# [SOURCE RECORDS]

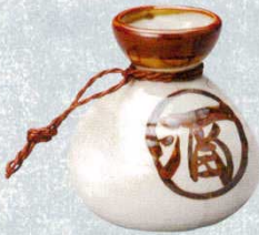
363-08-314 820円 丸酒金着形2号德利 (10×11cm・360cc) 10入
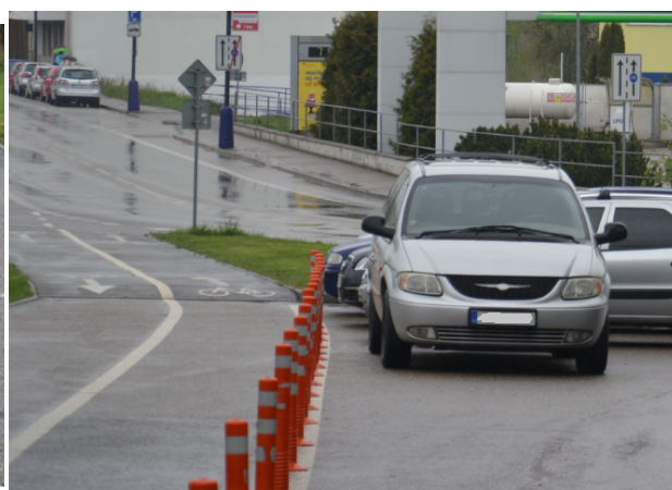
Obrázek 19. Benešov - 12 měsíc (duben 2015)
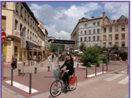
Vélo en libre-service

Instabilité juridique du projet : comme toutes les obligations qui incombent aux collectivités territoriales, le non respect des dispositions prévues par l'article L. 228-2 du code de l'environnement peut aboutir à l'annulation des délibérations approuvant le projet soit par la voie d'un déferé préfectoral soit à la demande d'un administré ou d'une association d'usagers cyclistes qui en ferait la demande. Plusieurs cas récents ont été jugés en ce sens.
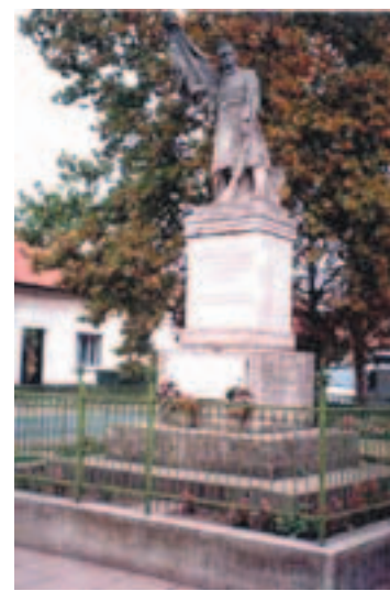
... és Kocséron

Pl. a gödöllői áldozatoknak emléket állító szobor (1931) Siklody Lőrinc alkotása. Az áldozatok névsorát a szobor talapzatán örökítették meg. 1990 októberében került vissza jelenlegi helyére, a Szabadság térre.
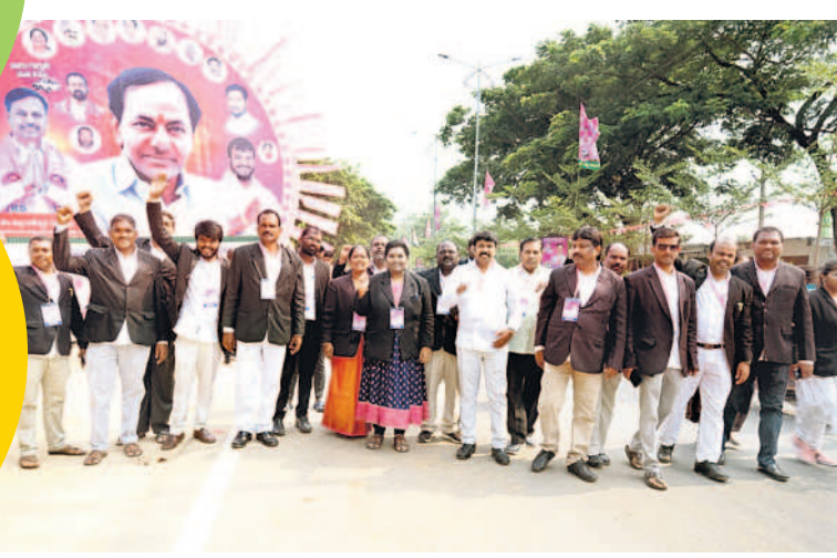
జనగామ బీఆర్ఎస్ అభ్యర్థి పల్లాకు మద్దతుగా ర్యాలీ తీస్తున్న సభకు వస్తున్న న్యాయవారులు
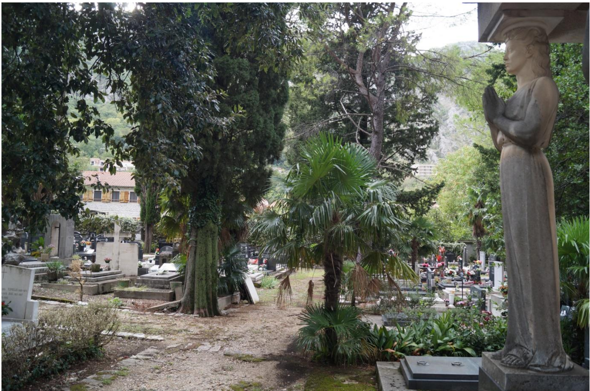
Hauptfriedhof der Stadt Kotor in Montenegro

8. März Nekropolen & Dorffriedhöfe in Osteuropa und auf dem Balkan Vortrag Martin Jeschke 17.30 Uhr | Stralsund, Festsaal Wulflamhaus, Alter Markt 5 Eintritt: 9 Euro
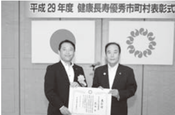
◀(右から)上田知事、香川市長

8月2日(水)、知事公館で、平成29年度健康長寿優秀市町村表彰式が行われました。市は、「健康寿命のばしマッスルプロジェクト」など、健康長寿に関する先進的な取組により、医療費の削減や慢性疾患の改善を図った自治体として表彰を受けました。
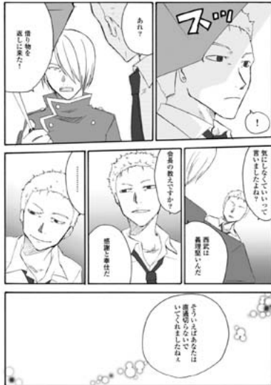
【図 25】相互直通運転においてトラブル時は、乗り入れを中止するのが一般的であるが、西武鉄道は乗り入れを継続した、というエピソードを取りあげている。(同書、p81)
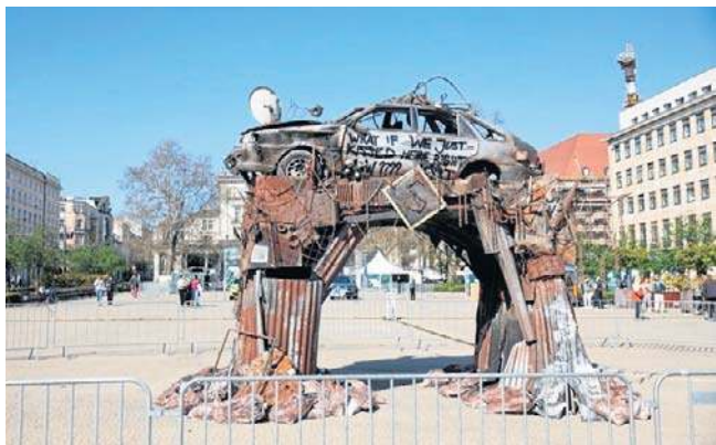
Nietypowa instalacja okazała się zapowiedzią nowego wydarzenia muzycznego, które odbędzie się na Śląsku

Festiwal potrwa dwa dni, ale jego program ma być intensywny i maksymalnie różnorodny. Na trzech scenach wybrzmia: alternative rock, indie, hyperpop i elektronika. Zapowiedziano gwiazdy z Polski i zagranicy. W sierpniu z kolei w Poznaniu odbędzie się BitterSweet Festival.
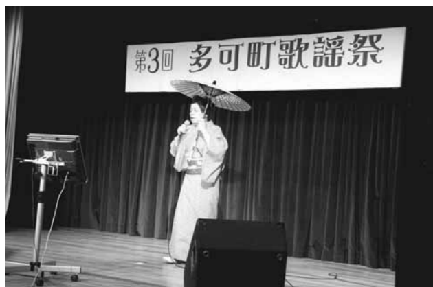
▲工夫を凝らしたステージに会場は大盛り上がり

普段なかなか発表の機会が少ないのだ自慢の祭典「多可町歌謡祭」を八千代プラザで開催しました。年々増える参加者も3回目を迎えた今年は20～91歳までの33組が参加。会場は立ち見続出の超満員で、観客の熱気に包まれました。出演者は応援に駆け付けた仲間から花束やレイなどを受け取りながら、自慢の歌声に加え、衣装や演出に工夫を凝らしたステージを披露しました。
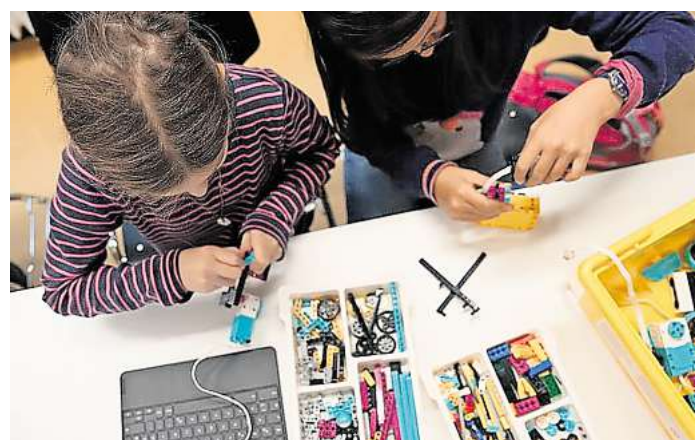
Gemeinsam werden unter anderem LEGO Spike Prime Modelle gebaut.

kunft“ von 10 bis 16 Uhr in der Kinder- und Jugendbibliothek Südstadt, Schlägerstraße 36 c, wo kleine Roboter und Visionen einer Bibliothek von morgen kombiniert werden. In der Zentralbibliothek, Hildesheimer Straße 12, startet um 14 Uhr „Lego Spike Prime und Scratch“, bei dem Modelle gebaut und programmiert wer-
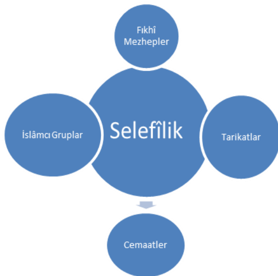
Şekil 2: 21’nci Yüzyılda Selefliğin Alanı

Görüldüğü gibi Müslümanlar için fikhî mezheplerin rolü yalnızca ibadet alanları ile sınırlıdır. Buna karşılık gündelik yaşamı ve siyasî davranışları güdüleyen ana akım Selefliğe tutunmuş İslâmcı gruplar ve tarikatlardır. Bu açıdan bakıldığında, İslam coğrafyasında iki büyük anlatı vardır; bunlardan birisi Seleflik, diğeri de Şîîlik’tir. Buna karşılık diğere anlatılar daha çok Selefliğin ağına tutunan vassal kimliklerdir. Söz konusu gruplar ya Selefi yaklaşım adına kavga etmekte ya da ondan rol devşirmektedir. Elbette bu ön tespit, Selefi etkiden bağımsız biçimde varılmaya çalışan cemaat ve tasavvufî grupların olmadığı
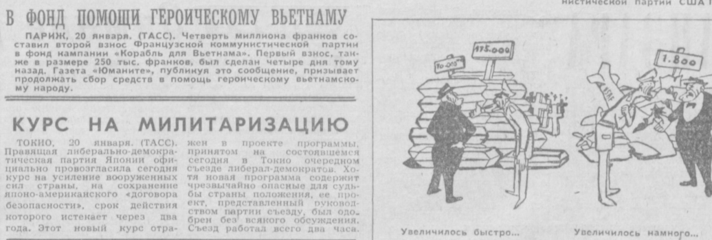
Увеличилось быстро... Увеличилось намного... Стало гораздо больше, чем в прошлом году... А чего-нибудь стало меньше? Да... Безопасных тыловых баз... из журнала «Вьетнам».

ТЕАТР кукол вынес на аршину новый спектакль для взрослых «Гурий Львович Синичкин». Это не пародия на «Льва Гурыча Синичкина». Авторы — Вл. Дьячковский, М. Слободский, Вл. Маси и Мих. Чернышевский — создали на старой сюжетной канве отличную современную комедию, сохраняющую пародийность и остроту. Так и задуман спектакль режиссера Постановки А. Беллинского, режиссеры — И. Якубов и Н. Никифорова.
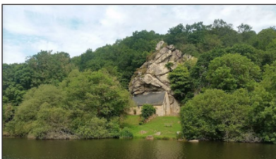
Ναὸς τοῦ Ὁσίου Γιλδασίου, στὶς ὄχθες τοῦ ποταμοῦ Μπλαβέ.

Μὲ τὴν μεσιτεία τοῦ Ἁγίου, τῆς διδαχῆς καὶ τῆς προσευχῆς του μὲ τὰ θαυματουργὰ ἀποτελέσματα, ὁ ἴδιος ὁ Θεὸς ἦταν ὄντως παρὼν ἐν δυνάμει στὴν περιοχὴ ἐκεῖνη. Πολλοὶ ἄρρωστοὶ εὕρισκαν διὰ τοῦ
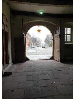
Weg außen vom Tordurchgang zum Eingang von Bora Restaurant
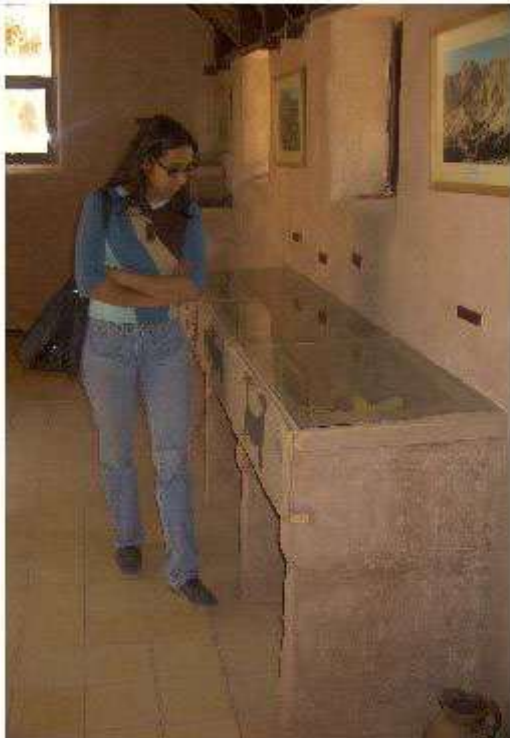
QUITOR Sala de exhibición actual
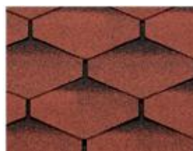
BTM Shingle Petek Rouge
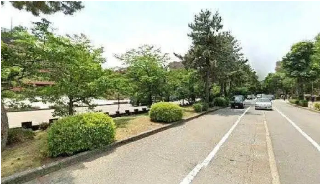
ジャルダン ポールボキューズ 金沢市
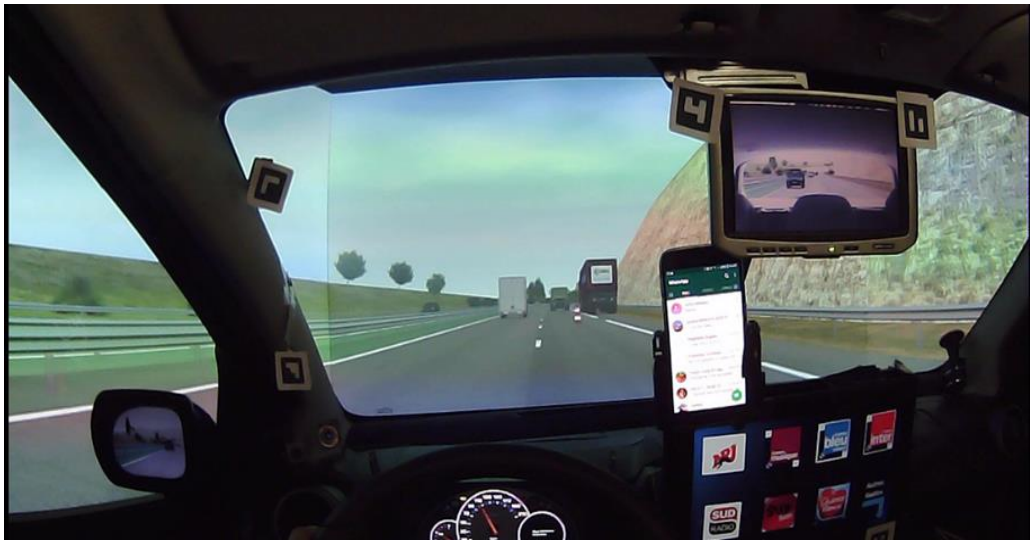
Figure 2 : Situation d'évitement d'obstacle sur autoroute

En hands-off, la distance aux obstacles (plus précisément le temps à l'obstacle combinant distance et vitesse) quand la voiture se déporte sur la voie de droite est inférieure ( p < 0,05 ) par rapport à Hands-on, ce qui signifie que les conducteurs se déportent un peu plus tardivement pour éviter l'obstacle, la réactivité et les marges de sécurité sont donc moindres (temps moyen minimum à l'obstacle de 3 sec. en hands-on et de 2,4 sec. en hands-off). 12
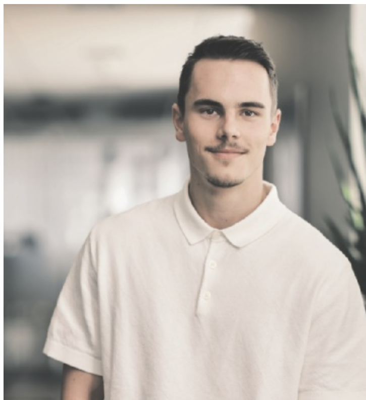
Infotage besuchen und Lehrling bei EREMA werden!
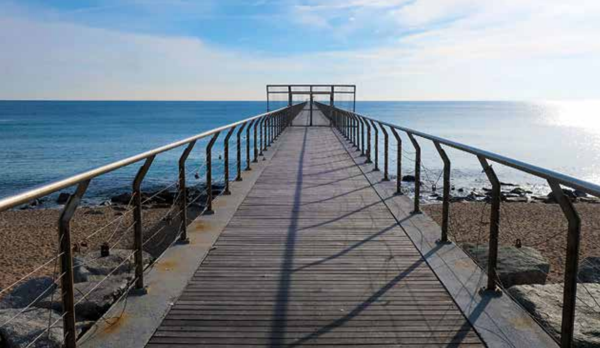
Pont del Petroli.

La platja que segueix a la marina té el curiós nom de la platja del Coco 14. La raó és la presència de l'antiga fàbrica de la Companyia Auxiliadora per al Comerç i la Indústria (CACI), una empresa del sector químic que produïa midó i sabons, com el d'olor de coco. L'edifici de maó de la CACI (Jaume Botey i Barriga, 1899) es va inspirar en l'arquitectura industrial anglesa i des de 1998 és de propietat municipal havent estat rehabilitat. Hi ha hagut diferents propostes d'ús per a aquest espai com, per exemple, ser la seu del museu del Còmic i la Il·lustració de Catalunya. Tanmateix, el fet és que fins ara continua sent un espai buit i sense utilització. A tocar del CACI veurem la plaça del Patí de Vela 15 presidida per l'estàtua L'equilibrista (Eulàlia Monés Gresely, 2006). La següent fita del nostre recorregut és el pont del Petroli 16. Al peu del pont veurem una escultura dedicada al popular personatge de l'etiqueta de l'Anís del Mono (Susana Ruiz Blanch, 2012). El pont del Petroli és un
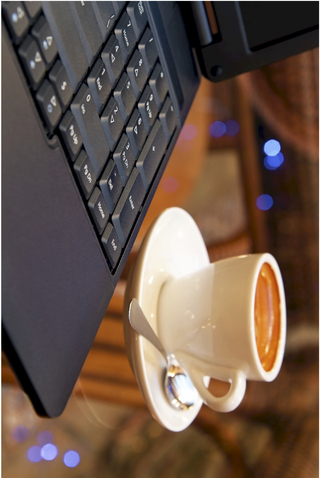
Obr. B.2: Káva a počítač [1]

# [EXERCISE GOAL]
In the listing, find all lines with the string "Modelle" and copy them.

# [SOLUTION]
Gemeinsam werden unter anderem LEGO Spike Prime Modelle gebaut.
kunft“ von 10 bis 16 Uhr in der Kinder- und Jugendbibliothek Südstadt, Schlägerstraße 36 c, wo kleine Roboter und Visionen einer Bibliothek von morgen kombiniert werden. In der Zentralbibliothek, Hildesheimer Straße 12, startet um 14 Uhr „Lego Spike Prime und Scratch“, bei dem Modelle gebaut und programmiert wer-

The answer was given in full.